I try to make our seafood meals satisfying and filling, even if everyone doesn’t have large portions of wild salmon. Here are a few ways I stretch out the seafood that doesn’t make the meal seem skimpy.
- Pasta is always a special treat around here, so I sometimes make a seafood sauce to go over pasta for a filling meal that also effectively stretches seafood. Make a white clam sauce or a creamy salmon sauce to go over pasta, or steam clams in a bit of white wine, garlic, and basil, and serve over pasta.

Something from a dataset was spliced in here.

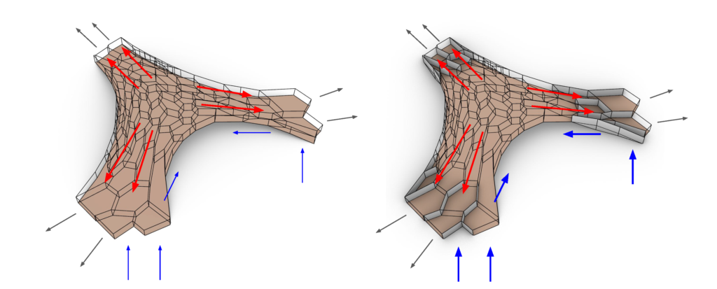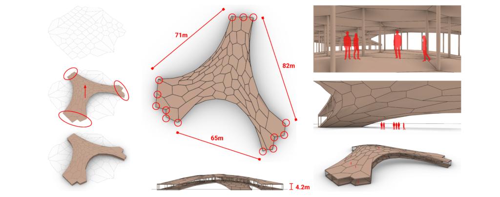 The bridge structure has a vault form and is generated from a 2D Voronoi pattern using a catenary form-finding method. The structure is only supported at the edges, where the vault meets the ground, which allows for the largest possible span of around 82m.

- Soups are my personal favorite as they are so nourishing and filling. I adore soups, and it’s really easy to stretch out your seafood in soups. I have recipes in my soup cookbook, "Ladled: Nourishing Soups for All Seasons," for clam chowder, salmon chowder, miso udon and salmon soup, and a simple white fish and rice soup, all of which are frugal ways to stretch out seafood. But those are just a few examples. Soups are forgiving and easily adaptable to your preferences and ingredients on hand. Have fun and experiment!
- Making a seafood fried rice with leftover rice, bits of leftover salmon, peas, grated carrots and fried in coconut oil or bacon grease and flavored with soy sauce and lime juice is a family favorite around here (pictured above).

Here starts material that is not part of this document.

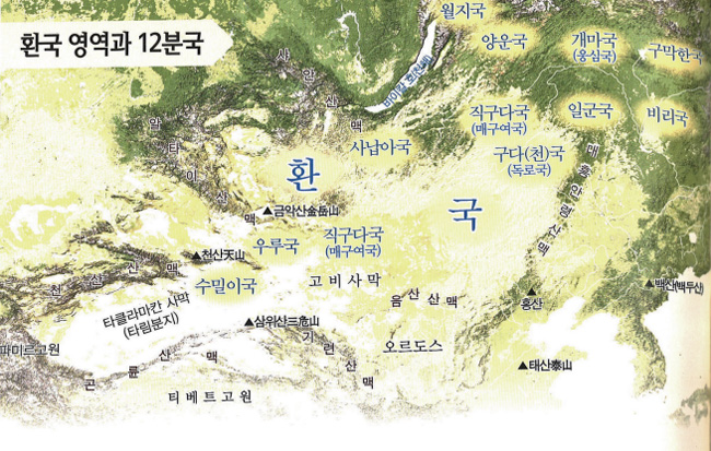 환국은 모두 아홉 족속[九桓]으로 나뉘었고, 이 9환족은 열 두 나라를 이루고 살았다. 12환국의 이름은 이러하다.

- Salads work equally as well. For a light lunch or dinner, cook up a filet of fish (or open a can), add some celery and nuts to a bowl of lettuce greens and drizzle everything with a homemade dressing. Served with bread and butter, and perhaps a cup of wine, and you have a gourmet meal that is surprisingly frugal.

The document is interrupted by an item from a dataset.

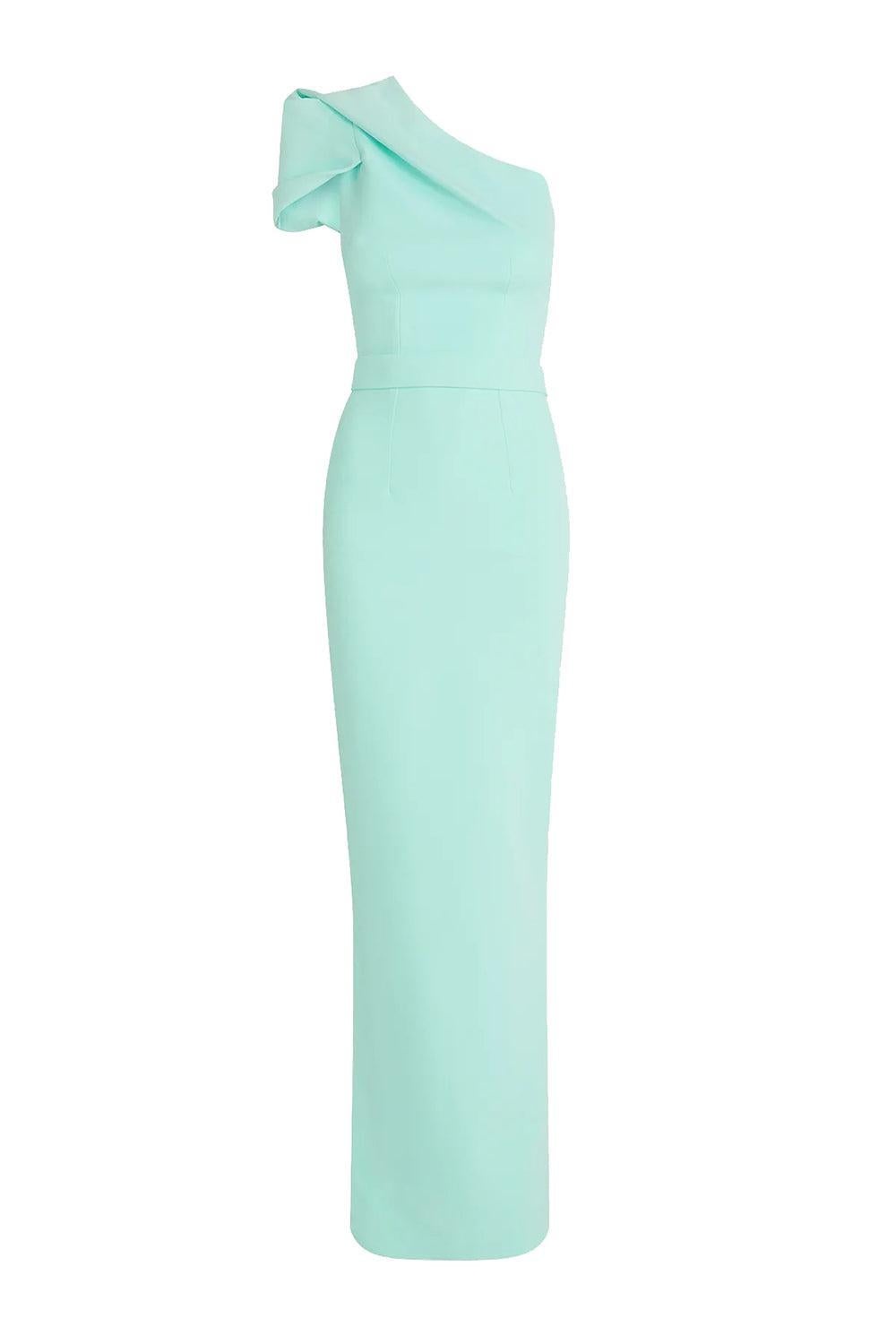 DETAILS AND INSIGHT Safiyaa kora gown in mint. 92% Polyester, 8% Elastane; Lining: 97% Polyester, 3% Lycra Dry Clean Made in Turkey Style DL345.1+BE32.1-MINT

- Another option is to make simple salmon cakes using either canned salmon or leftover salmon bits (there are some lovely examples of this on epicurious.com)
- And don't forget sandwiches. Most of us grew up on tuna salad sandwiches, so we know how this works. My family enjoys Wild Planet's low-mercury tuna, which I buy at a good price at Costco. But you can think beyond tuna as well. Sardines are actually delicious when diced into small pieces, mixed with chopped cucumber, tomatoes, and tossed with a homemade dressing and served on crispy toast. Salmon burgers make an excellent sandwich "meat" as well.